Мысленно проклиная историка всеми известными матерными словами, посылая его туда, откуда открытки даже на Рождество не доходят, я вхожу в класс, сопровождаемая смешками и издевками своих же одноклассников.

Прозвенел звонок, отдохнувшие и даже уставшие от безделья ученики приготовились сорваться со своих мест с низкого старта.

— Все могут быть свободны, остается только Ярославцева! Да, Кристина, да, у тебя история по расписанию! — уверенно заявляет Даня, когда я уничтожающим взглядом смотрю ему в лицо, пытаясь оценить на глаз уровень его вменяемости.

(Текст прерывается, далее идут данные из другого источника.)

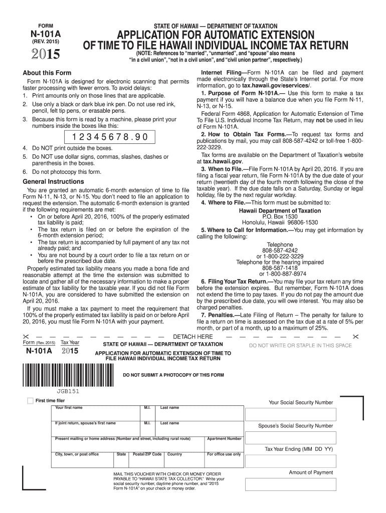 Get the free N-101A, Rev. 2015, Application for Automatic Extension of Time to File Hawaii Indivi...
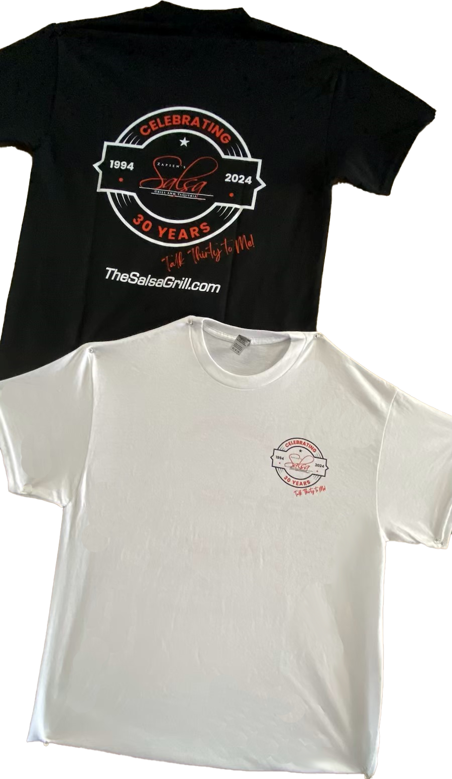 Home / Shop / T-Shirts / Salsa Grill Anniversary T-Shirt Salsa Grill Anniversary T-Shirt$20.00 Size Choose an optionLMXLXXL Color Choose an optionWhiteBlackClear Salsa Grill Anniversary T-Shirt quantity Buy now SKU: ANNITEE Category: T-Shirts Product ID: 4316 Description Additional information Description Salsa Grill Anniversary Logo T-Shirt, Available in Black or White Additional information Weight 1 lbs Size L, M, XL, XXL Color White, Black Related products Out of stock Inspired by Tradition T-Shirt $20.00 Buy now Out of stock Muy Sabrosa T-Shirt $20.00 Buy now Out of stock M & M T-shirt $20.00 Buy now Women’s Cut Salsa Grill Anniversary T-Shirt $20.00 Buy now
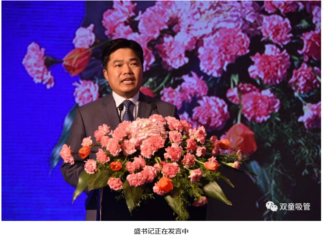 首先,義烏市委書記盛秋平先生發(fā)表了義烏工業(yè)經(jīng)濟(jì)發(fā)展報(bào)告,寄語(yǔ)義烏企業(yè)家,要把握機(jī)遇、奮發(fā)勇為,弘揚(yáng)“雞毛換糖”精神,開創(chuàng)新時(shí)代新征程,在發(fā)言中還著重點(diǎn)贊了“雙童”的標(biāo)準(zhǔn)創(chuàng)新工作!

— У меня геометрия, как и у всех остальных! — заявляю я, когда плавным потоком одноклассники потекли прочь из класса, на ходу шутливо соболезнуя мне.

— Я договорюсь с Ириной Павловной, и у тебя будет сейчас история, — притворно сладко улыбается Даня, присаживаясь на уголок учительского стола. — Ты же не можешь пропустить такой важный для тебя предмет.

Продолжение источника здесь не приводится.